* [Exercise description]
Without including any pictures, give back all of the data exactly.

* [Dataset excerpt]
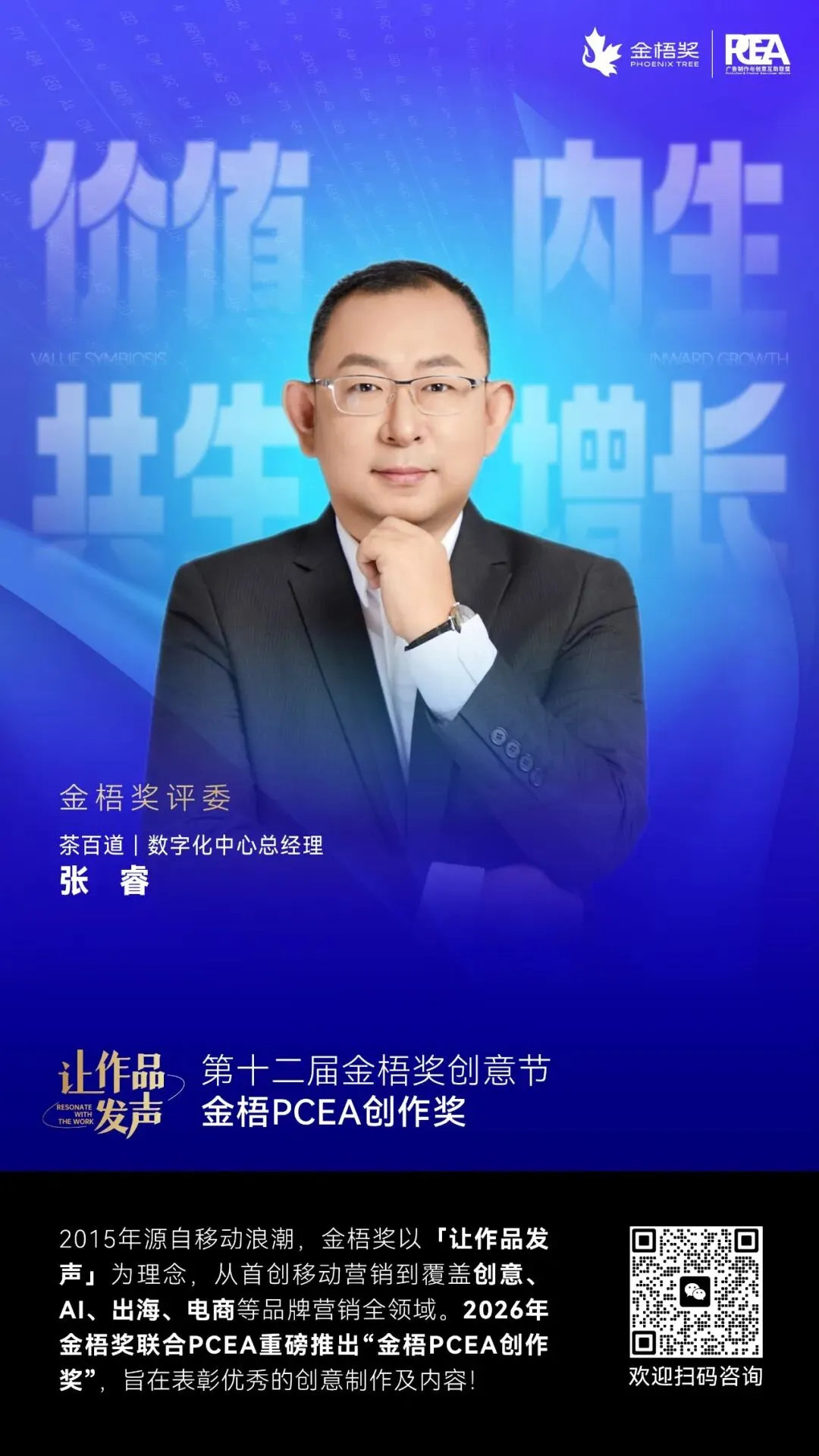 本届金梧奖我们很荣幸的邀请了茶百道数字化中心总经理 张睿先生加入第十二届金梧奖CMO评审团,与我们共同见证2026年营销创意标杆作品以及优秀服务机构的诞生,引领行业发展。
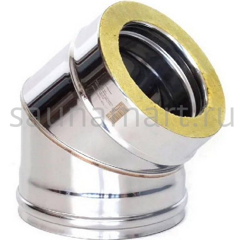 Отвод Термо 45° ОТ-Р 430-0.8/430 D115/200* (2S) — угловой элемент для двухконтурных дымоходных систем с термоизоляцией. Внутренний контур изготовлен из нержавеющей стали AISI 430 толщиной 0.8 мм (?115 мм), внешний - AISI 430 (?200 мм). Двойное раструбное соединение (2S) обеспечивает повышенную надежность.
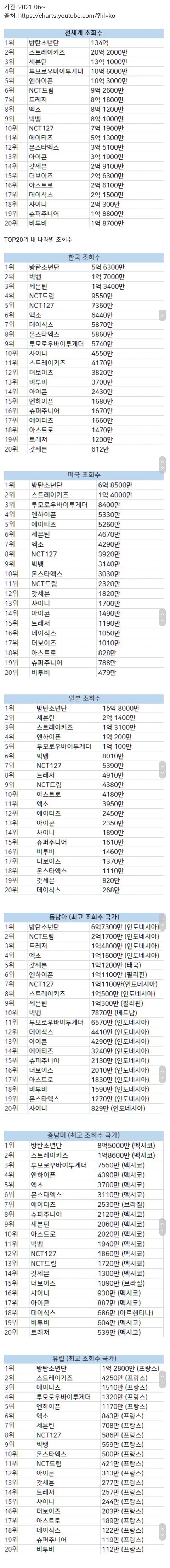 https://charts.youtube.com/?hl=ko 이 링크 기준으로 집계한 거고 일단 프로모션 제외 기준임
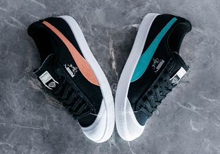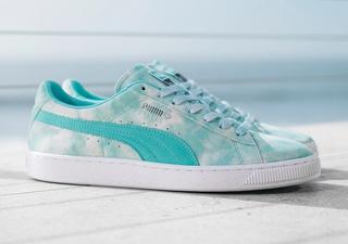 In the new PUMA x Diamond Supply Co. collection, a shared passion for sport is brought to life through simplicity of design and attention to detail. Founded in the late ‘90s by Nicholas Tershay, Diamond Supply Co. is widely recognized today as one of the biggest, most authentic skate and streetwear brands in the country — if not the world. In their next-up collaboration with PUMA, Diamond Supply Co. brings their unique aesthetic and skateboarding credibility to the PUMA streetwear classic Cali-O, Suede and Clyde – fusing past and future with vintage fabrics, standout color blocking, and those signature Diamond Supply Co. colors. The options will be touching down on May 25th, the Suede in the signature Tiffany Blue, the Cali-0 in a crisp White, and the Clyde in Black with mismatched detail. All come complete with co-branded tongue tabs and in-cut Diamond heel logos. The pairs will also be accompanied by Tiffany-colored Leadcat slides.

* [Result of this exercise]
 本届金梧奖我们很荣幸的邀请了茶百道数字化中心总经理 张睿先生加入第十二届金梧奖CMO评审团,与我们共同见证2026年营销创意标杆作品以及优秀服务机构的诞生,引领行业发展。
 Отвод Термо 45° ОТ-Р 430-0.8/430 D115/200* (2S) — угловой элемент для двухконтурных дымоходных систем с термоизоляцией. Внутренний контур изготовлен из нержавеющей стали AISI 430 толщиной 0.8 мм (?115 мм), внешний - AISI 430 (?200 мм). Двойное раструбное соединение (2S) обеспечивает повышенную надежность.
 https://charts.youtube.com/?hl=ko 이 링크 기준으로 집계한 거고 일단 프로모션 제외 기준임
 In the new PUMA x Diamond Supply Co. collection, a shared passion for sport is brought to life through simplicity of design and attention to detail. Founded in the late ‘90s by Nicholas Tershay, Diamond Supply Co. is widely recognized today as one of the biggest, most authentic skate and streetwear brands in the country — if not the world. In their next-up collaboration with PUMA, Diamond Supply Co. brings their unique aesthetic and skateboarding credibility to the PUMA streetwear classic Cali-O, Suede and Clyde – fusing past and future with vintage fabrics, standout color blocking, and those signature Diamond Supply Co. colors. The options will be touching down on May 25th, the Suede in the signature Tiffany Blue, the Cali-0 in a crisp White, and the Clyde in Black with mismatched detail. All come complete with co-branded tongue tabs and in-cut Diamond heel logos. The pairs will also be accompanied by Tiffany-colored Leadcat slides.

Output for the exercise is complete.